» **YOUR ASSIGNMENT**
In the data below, locate the line containing "Gambar 01. Foto" and the line containing "Gambar 3.6. Wallsticker", then retype both and everything between them exactly. Pictures are not part of the copy.
---
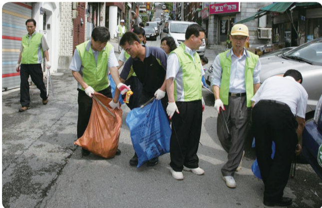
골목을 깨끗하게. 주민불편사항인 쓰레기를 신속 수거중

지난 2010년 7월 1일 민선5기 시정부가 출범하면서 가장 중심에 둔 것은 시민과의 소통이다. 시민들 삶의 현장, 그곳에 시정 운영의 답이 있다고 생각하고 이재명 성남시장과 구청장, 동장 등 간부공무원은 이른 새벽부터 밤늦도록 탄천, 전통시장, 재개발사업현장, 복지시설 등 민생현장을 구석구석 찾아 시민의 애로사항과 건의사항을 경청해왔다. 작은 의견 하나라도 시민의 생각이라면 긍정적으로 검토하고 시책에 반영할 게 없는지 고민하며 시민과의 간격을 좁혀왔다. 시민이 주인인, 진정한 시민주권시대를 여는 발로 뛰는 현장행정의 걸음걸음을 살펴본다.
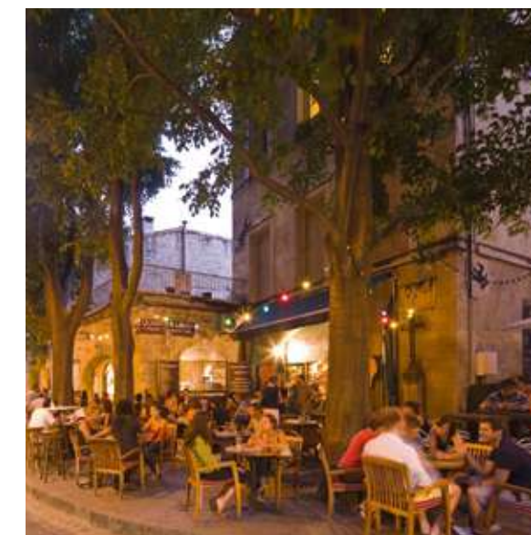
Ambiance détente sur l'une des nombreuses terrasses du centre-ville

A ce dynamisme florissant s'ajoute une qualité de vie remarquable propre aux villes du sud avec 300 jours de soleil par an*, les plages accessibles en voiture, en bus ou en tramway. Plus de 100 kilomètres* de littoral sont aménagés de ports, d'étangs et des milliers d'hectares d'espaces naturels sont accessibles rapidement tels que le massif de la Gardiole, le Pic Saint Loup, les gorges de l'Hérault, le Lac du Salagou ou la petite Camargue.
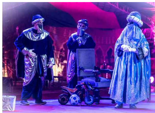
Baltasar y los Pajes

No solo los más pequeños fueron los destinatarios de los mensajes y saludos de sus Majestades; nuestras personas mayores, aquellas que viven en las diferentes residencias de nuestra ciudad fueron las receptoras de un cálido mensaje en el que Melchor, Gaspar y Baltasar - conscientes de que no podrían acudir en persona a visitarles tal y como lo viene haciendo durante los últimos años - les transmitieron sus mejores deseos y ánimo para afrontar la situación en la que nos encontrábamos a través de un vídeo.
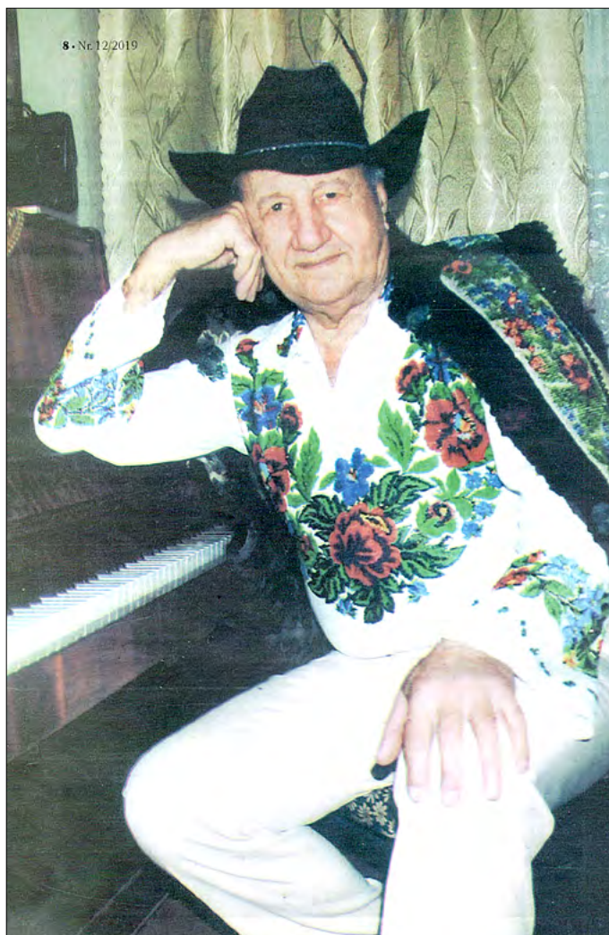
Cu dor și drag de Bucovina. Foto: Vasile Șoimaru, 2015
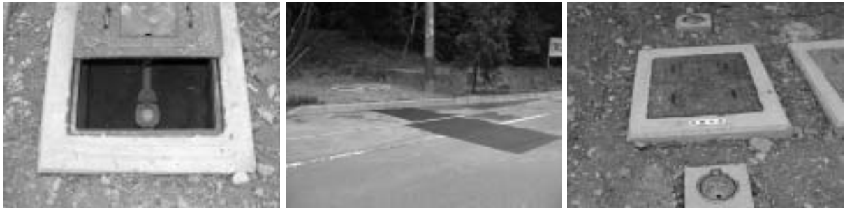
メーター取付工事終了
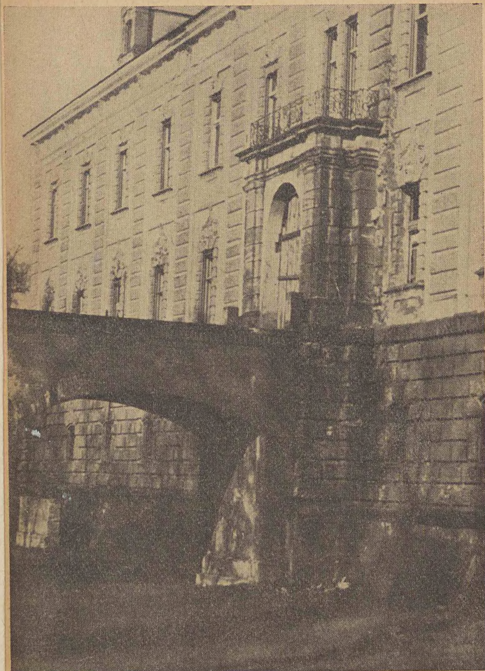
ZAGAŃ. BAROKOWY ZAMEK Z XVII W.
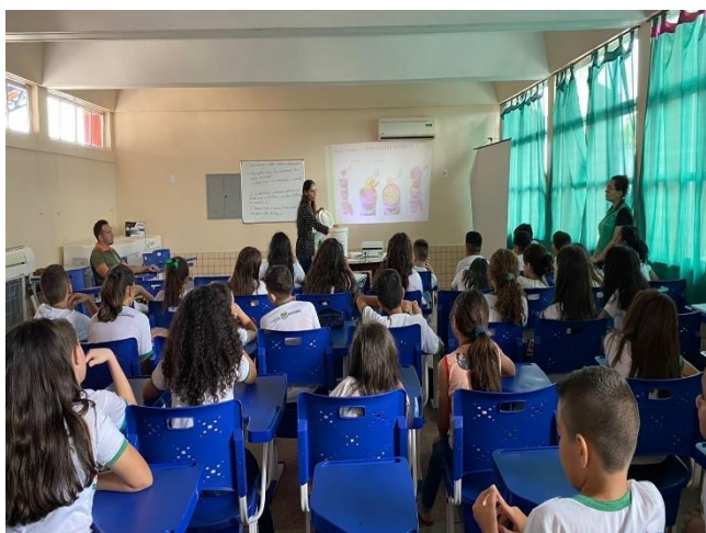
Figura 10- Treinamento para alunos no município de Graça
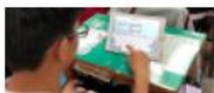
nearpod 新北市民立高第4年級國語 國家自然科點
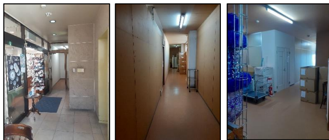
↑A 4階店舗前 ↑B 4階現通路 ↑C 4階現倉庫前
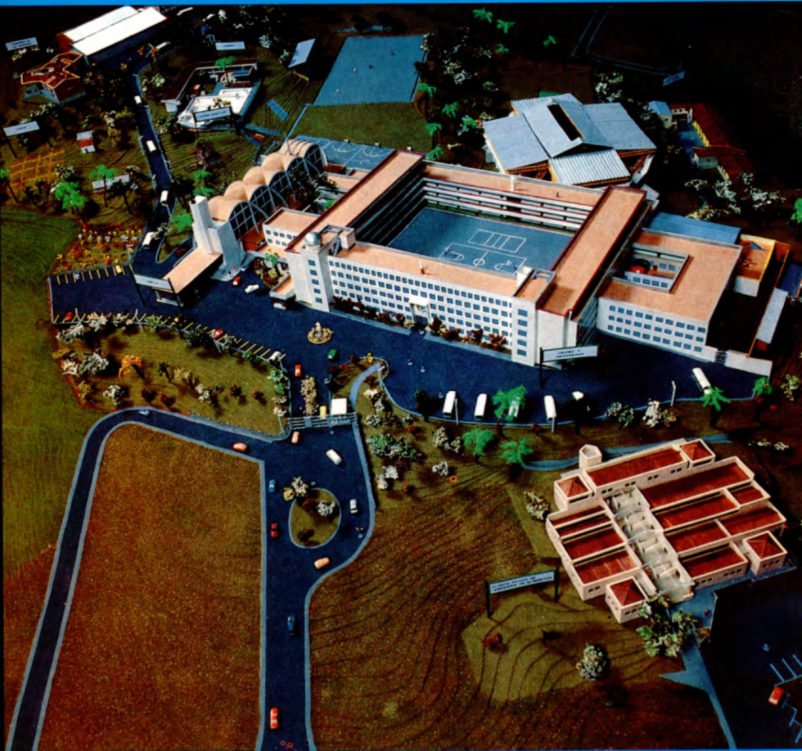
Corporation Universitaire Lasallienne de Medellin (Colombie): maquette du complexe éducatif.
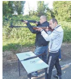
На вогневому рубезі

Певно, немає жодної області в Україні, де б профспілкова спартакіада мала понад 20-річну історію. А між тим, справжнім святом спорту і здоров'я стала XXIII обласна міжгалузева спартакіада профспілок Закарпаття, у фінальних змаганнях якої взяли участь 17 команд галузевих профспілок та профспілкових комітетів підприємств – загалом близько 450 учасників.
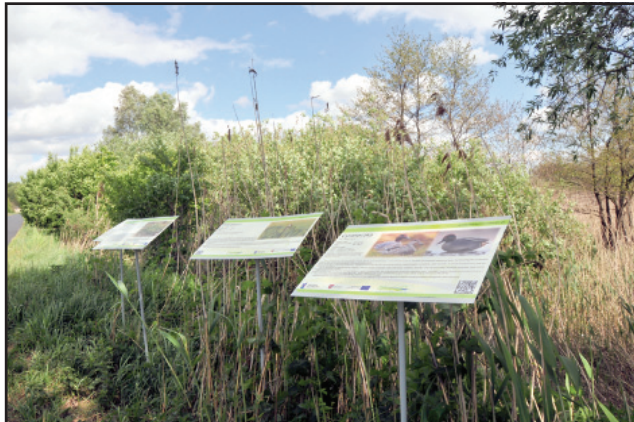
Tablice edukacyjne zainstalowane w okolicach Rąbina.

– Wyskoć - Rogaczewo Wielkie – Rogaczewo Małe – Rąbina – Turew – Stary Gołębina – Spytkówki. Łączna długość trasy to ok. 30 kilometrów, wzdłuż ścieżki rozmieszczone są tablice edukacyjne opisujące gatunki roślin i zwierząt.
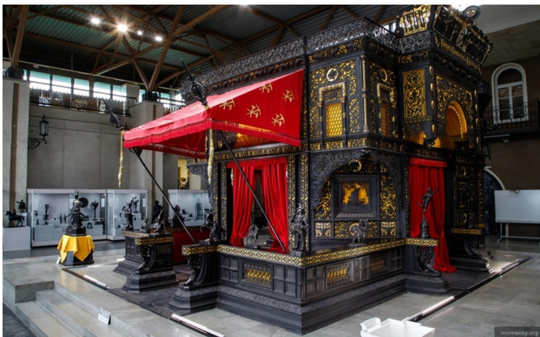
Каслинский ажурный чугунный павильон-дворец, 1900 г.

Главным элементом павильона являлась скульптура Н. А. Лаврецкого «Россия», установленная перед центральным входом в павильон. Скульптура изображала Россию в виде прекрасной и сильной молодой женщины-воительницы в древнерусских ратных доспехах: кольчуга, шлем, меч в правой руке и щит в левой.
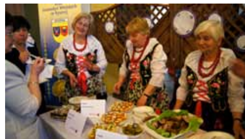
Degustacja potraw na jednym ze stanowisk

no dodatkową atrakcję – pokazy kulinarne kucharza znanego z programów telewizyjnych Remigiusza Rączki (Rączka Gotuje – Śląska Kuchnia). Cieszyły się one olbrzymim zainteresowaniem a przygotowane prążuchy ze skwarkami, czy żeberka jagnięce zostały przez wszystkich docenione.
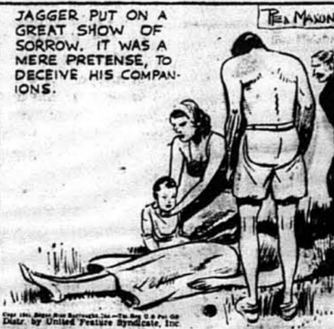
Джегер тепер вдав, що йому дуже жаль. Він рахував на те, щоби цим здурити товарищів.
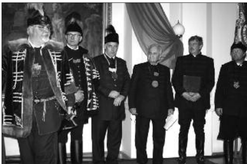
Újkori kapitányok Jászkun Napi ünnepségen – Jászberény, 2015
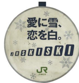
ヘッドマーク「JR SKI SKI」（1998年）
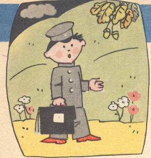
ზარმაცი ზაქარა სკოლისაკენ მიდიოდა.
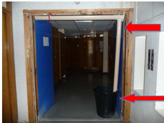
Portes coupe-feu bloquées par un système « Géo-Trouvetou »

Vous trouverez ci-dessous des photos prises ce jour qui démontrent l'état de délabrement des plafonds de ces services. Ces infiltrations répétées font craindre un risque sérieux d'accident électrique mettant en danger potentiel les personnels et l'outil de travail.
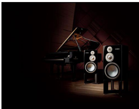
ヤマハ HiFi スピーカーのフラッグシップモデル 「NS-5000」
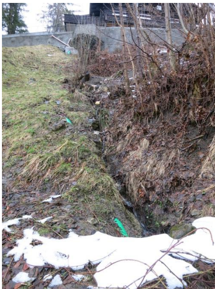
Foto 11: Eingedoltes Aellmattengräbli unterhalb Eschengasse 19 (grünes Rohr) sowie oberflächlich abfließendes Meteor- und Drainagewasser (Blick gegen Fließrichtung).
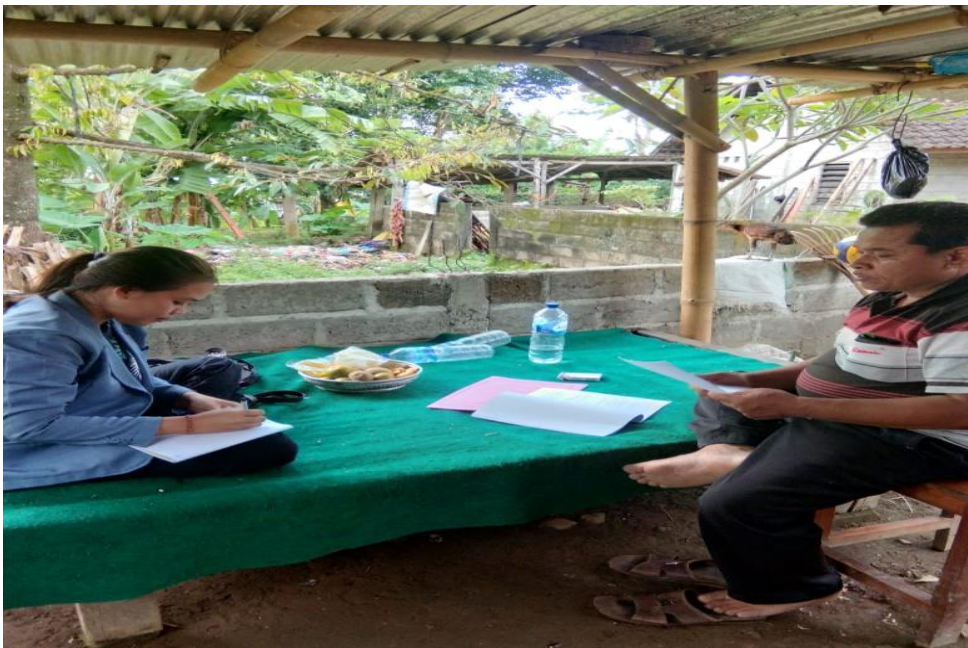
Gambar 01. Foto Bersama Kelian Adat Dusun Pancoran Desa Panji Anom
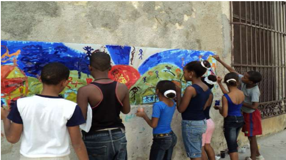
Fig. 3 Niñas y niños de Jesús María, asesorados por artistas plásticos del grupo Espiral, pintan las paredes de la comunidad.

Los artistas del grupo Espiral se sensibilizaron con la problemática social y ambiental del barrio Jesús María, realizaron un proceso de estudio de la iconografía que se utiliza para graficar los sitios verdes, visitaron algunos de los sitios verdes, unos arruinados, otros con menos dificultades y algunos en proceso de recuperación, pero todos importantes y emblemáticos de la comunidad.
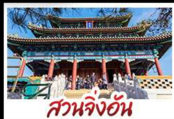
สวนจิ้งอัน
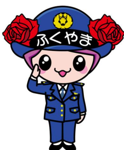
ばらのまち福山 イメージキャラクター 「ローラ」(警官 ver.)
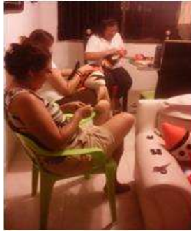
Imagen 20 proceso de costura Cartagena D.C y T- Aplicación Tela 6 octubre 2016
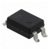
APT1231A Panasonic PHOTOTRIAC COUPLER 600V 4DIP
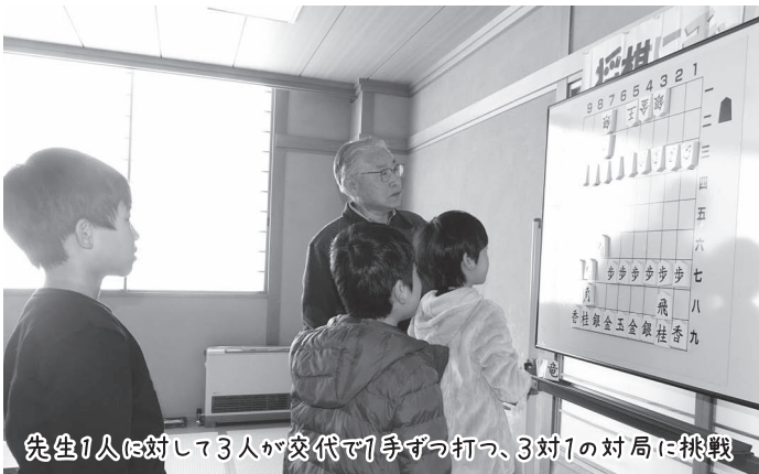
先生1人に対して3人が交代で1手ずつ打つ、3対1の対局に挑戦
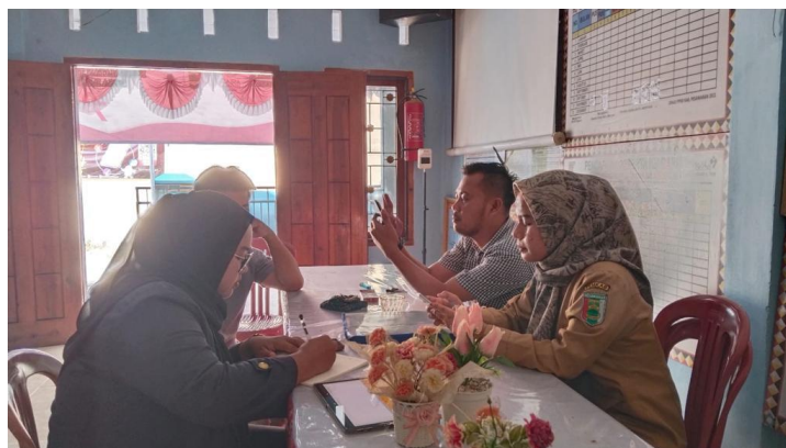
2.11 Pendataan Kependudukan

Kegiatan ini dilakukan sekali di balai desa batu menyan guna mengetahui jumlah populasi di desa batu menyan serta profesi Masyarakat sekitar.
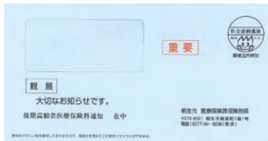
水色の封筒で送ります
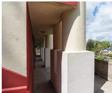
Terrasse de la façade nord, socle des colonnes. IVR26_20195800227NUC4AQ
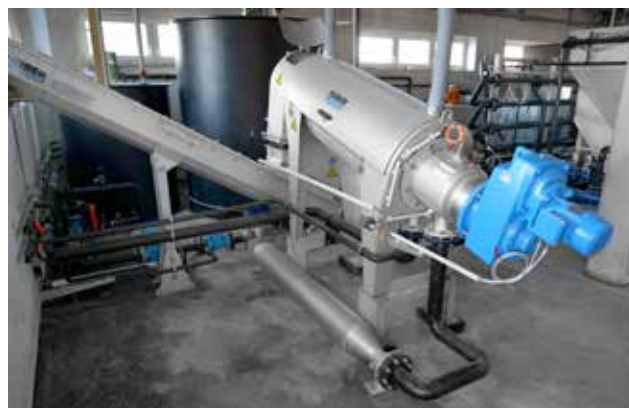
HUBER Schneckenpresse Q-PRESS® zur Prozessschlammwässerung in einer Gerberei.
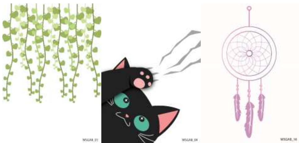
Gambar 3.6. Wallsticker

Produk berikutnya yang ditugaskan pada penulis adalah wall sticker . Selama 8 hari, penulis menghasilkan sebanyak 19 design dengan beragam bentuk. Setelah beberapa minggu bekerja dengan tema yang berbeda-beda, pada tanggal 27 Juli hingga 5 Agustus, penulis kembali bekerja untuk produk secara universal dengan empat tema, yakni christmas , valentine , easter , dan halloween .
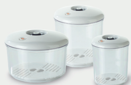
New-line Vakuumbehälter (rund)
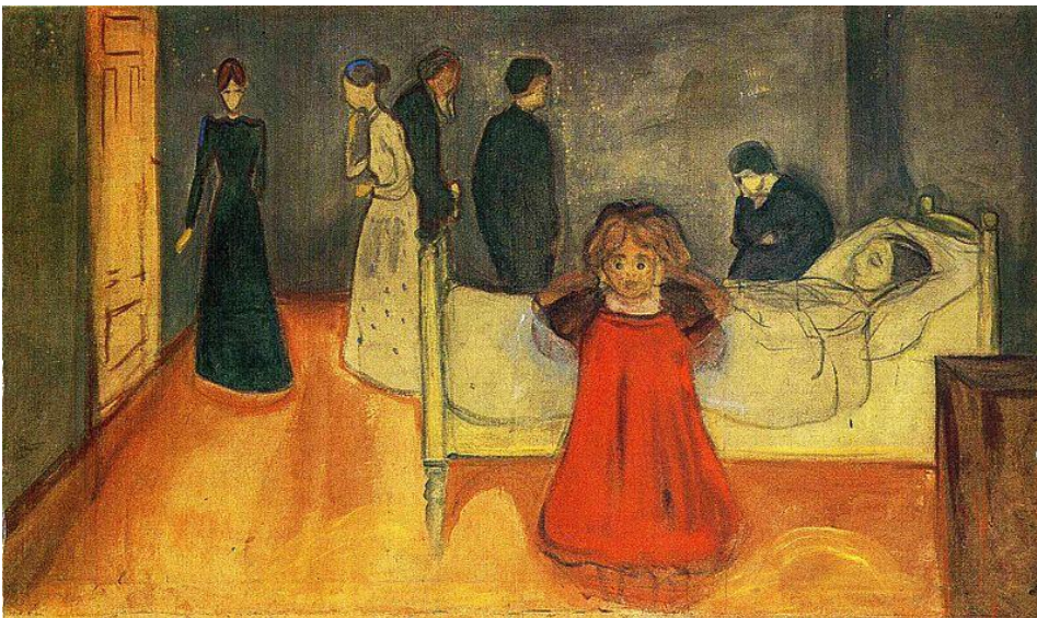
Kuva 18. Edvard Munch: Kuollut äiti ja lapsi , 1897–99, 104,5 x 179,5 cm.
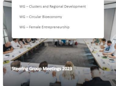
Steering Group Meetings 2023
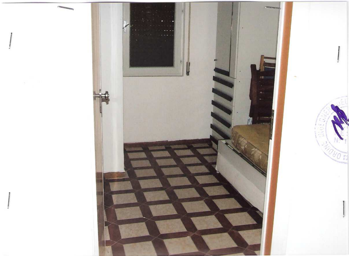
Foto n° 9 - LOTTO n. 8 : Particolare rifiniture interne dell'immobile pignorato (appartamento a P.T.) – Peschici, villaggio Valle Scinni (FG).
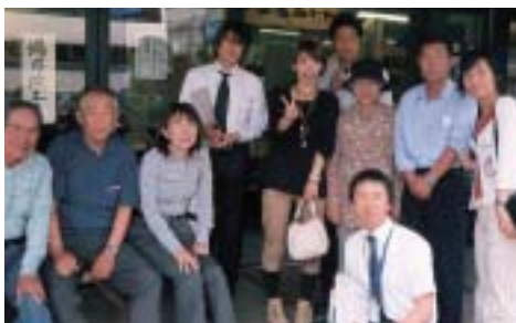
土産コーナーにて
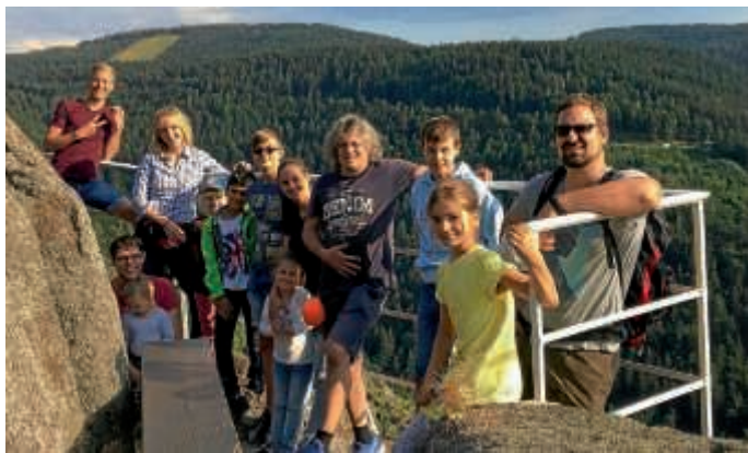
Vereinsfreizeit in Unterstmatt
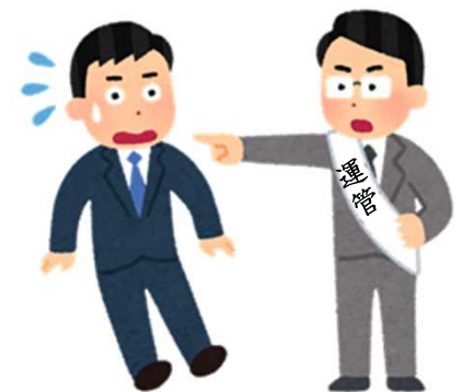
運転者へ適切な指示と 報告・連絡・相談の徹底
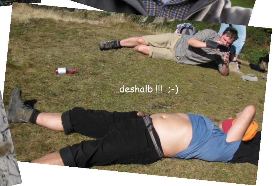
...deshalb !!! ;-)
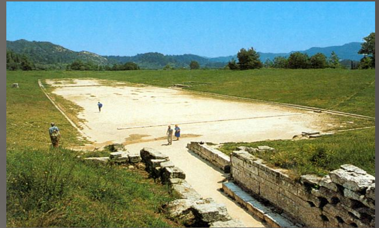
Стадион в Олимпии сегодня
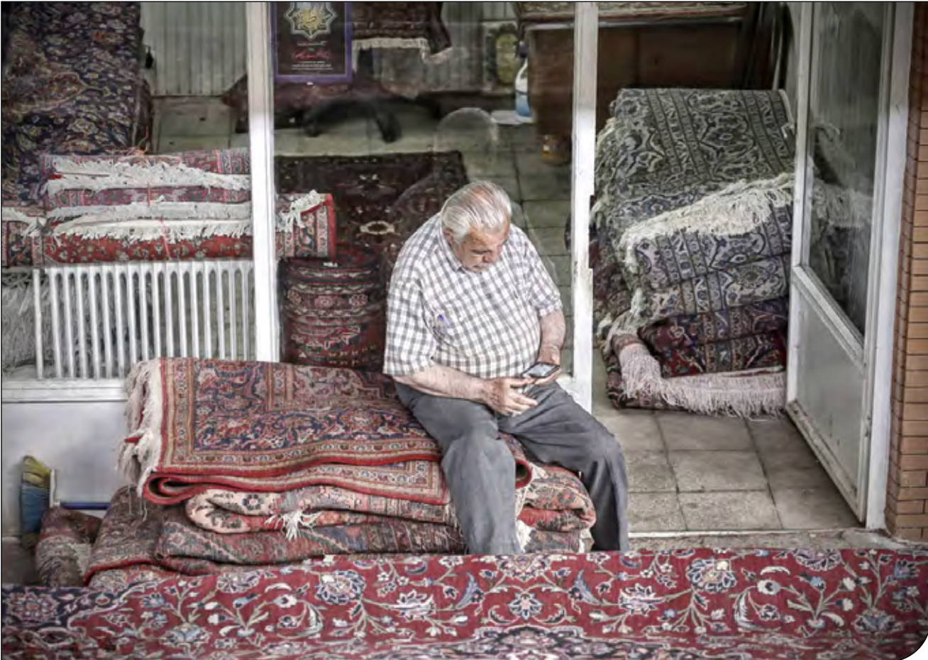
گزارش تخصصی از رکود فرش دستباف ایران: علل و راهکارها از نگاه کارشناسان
---
» **ANSWER TO THE EXERCISE**
Gambar 01. Foto Bersama Kelian Adat Dusun Pancoran Desa Panji Anom
Fig. 3 Niñas y niños de Jesús María, asesorados por artistas plásticos del grupo Espiral, pintan las paredes de la comunidad.

Los artistas del grupo Espiral se sensibilizaron con la problemática social y ambiental del barrio Jesús María, realizaron un proceso de estudio de la iconografía que se utiliza para graficar los sitios verdes, visitaron algunos de los sitios verdes, unos arruinados, otros con menos dificultades y algunos en proceso de recuperación, pero todos importantes y emblemáticos de la comunidad.
สวนจิ้งอัน
ばらのまち福山 イメージキャラクター 「ローラ」(警官 ver.)
Imagen 20 proceso de costura Cartagena D.C y T- Aplicación Tela 6 octubre 2016
APT1231A Panasonic PHOTOTRIAC COUPLER 600V 4DIP
先生1人に対して3人が交代で1手ずつ打つ、3対1の対局に挑戦
2.11 Pendataan Kependudukan

Kegiatan ini dilakukan sekali di balai desa batu menyan guna mengetahui jumlah populasi di desa batu menyan serta profesi Masyarakat sekitar.
水色の封筒で送ります
Terrasse de la façade nord, socle des colonnes. IVR26_20195800227NUC4AQ
HUBER Schneckenpresse Q-PRESS® zur Prozessschlammwässerung in einer Gerberei.
Gambar 3.6. Wallsticker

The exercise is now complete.